ASSIGNMENT: Starting with the line that contains "Tổng thể Đồng", copy each line exactly through the end of the listing, and omit all pictures.

SUPPLIED MATERIAL:
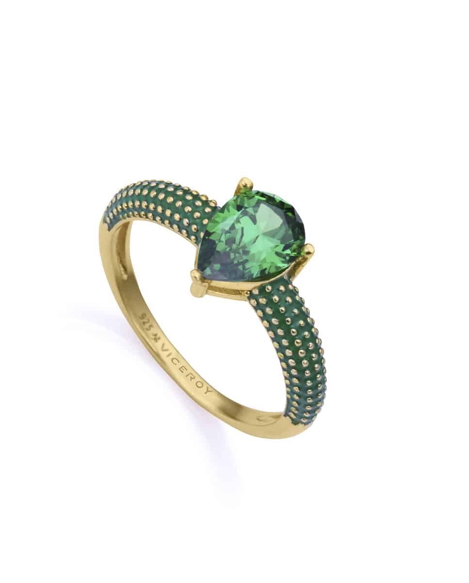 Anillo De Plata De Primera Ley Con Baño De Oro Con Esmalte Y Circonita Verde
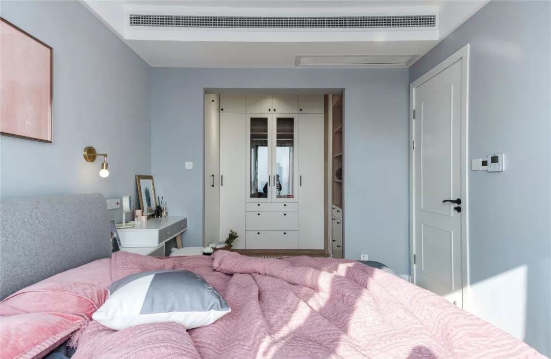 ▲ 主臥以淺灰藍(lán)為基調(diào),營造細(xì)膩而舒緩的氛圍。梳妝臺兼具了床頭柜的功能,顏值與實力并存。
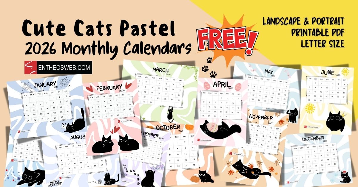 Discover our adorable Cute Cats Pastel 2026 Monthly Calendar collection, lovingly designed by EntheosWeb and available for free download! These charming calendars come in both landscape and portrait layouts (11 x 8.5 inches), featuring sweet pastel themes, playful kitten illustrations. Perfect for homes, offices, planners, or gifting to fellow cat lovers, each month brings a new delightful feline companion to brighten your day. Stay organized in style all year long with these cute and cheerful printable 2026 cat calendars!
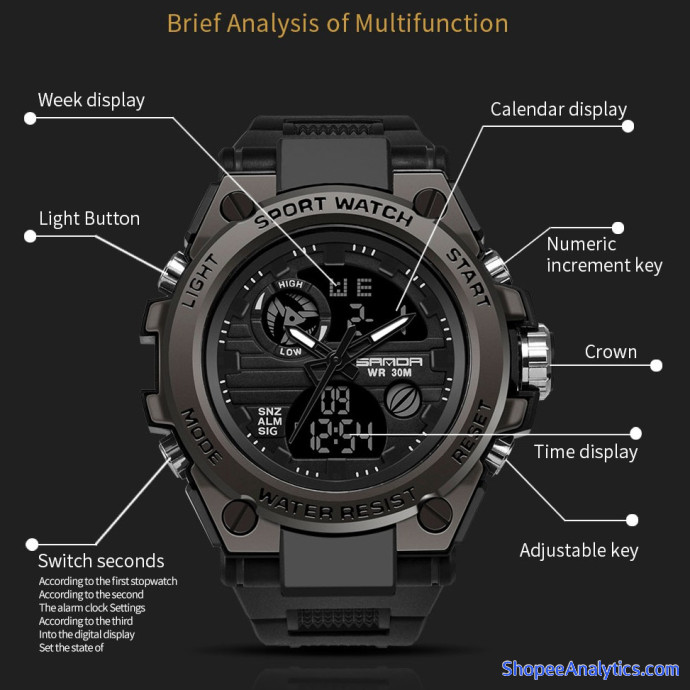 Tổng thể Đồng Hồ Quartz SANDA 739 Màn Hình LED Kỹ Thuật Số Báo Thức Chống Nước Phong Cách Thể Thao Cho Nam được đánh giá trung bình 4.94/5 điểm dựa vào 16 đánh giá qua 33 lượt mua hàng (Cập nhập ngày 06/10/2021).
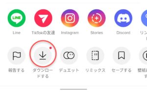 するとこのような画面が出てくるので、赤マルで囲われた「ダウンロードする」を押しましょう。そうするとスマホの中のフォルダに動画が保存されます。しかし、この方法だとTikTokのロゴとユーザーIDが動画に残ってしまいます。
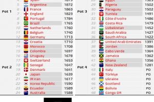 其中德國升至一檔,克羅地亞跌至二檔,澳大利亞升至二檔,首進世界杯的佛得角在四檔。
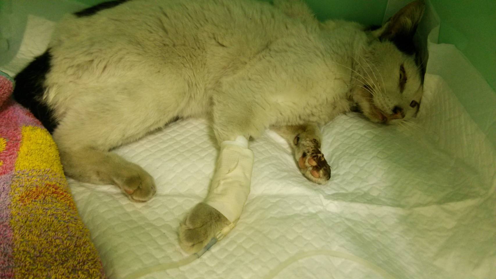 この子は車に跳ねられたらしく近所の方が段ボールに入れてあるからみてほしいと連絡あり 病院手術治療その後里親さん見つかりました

ANSWER TO THE PROBLEM:
 Tổng thể Đồng Hồ Quartz SANDA 739 Màn Hình LED Kỹ Thuật Số Báo Thức Chống Nước Phong Cách Thể Thao Cho Nam được đánh giá trung bình 4.94/5 điểm dựa vào 16 đánh giá qua 33 lượt mua hàng (Cập nhập ngày 06/10/2021).
 するとこのような画面が出てくるので、赤マルで囲われた「ダウンロードする」を押しましょう。そうするとスマホの中のフォルダに動画が保存されます。しかし、この方法だとTikTokのロゴとユーザーIDが動画に残ってしまいます。
 其中德國升至一檔,克羅地亞跌至二檔,澳大利亞升至二檔,首進世界杯的佛得角在四檔。
 この子は車に跳ねられたらしく近所の方が段ボールに入れてあるからみてほしいと連絡あり 病院手術治療その後里親さん見つかりました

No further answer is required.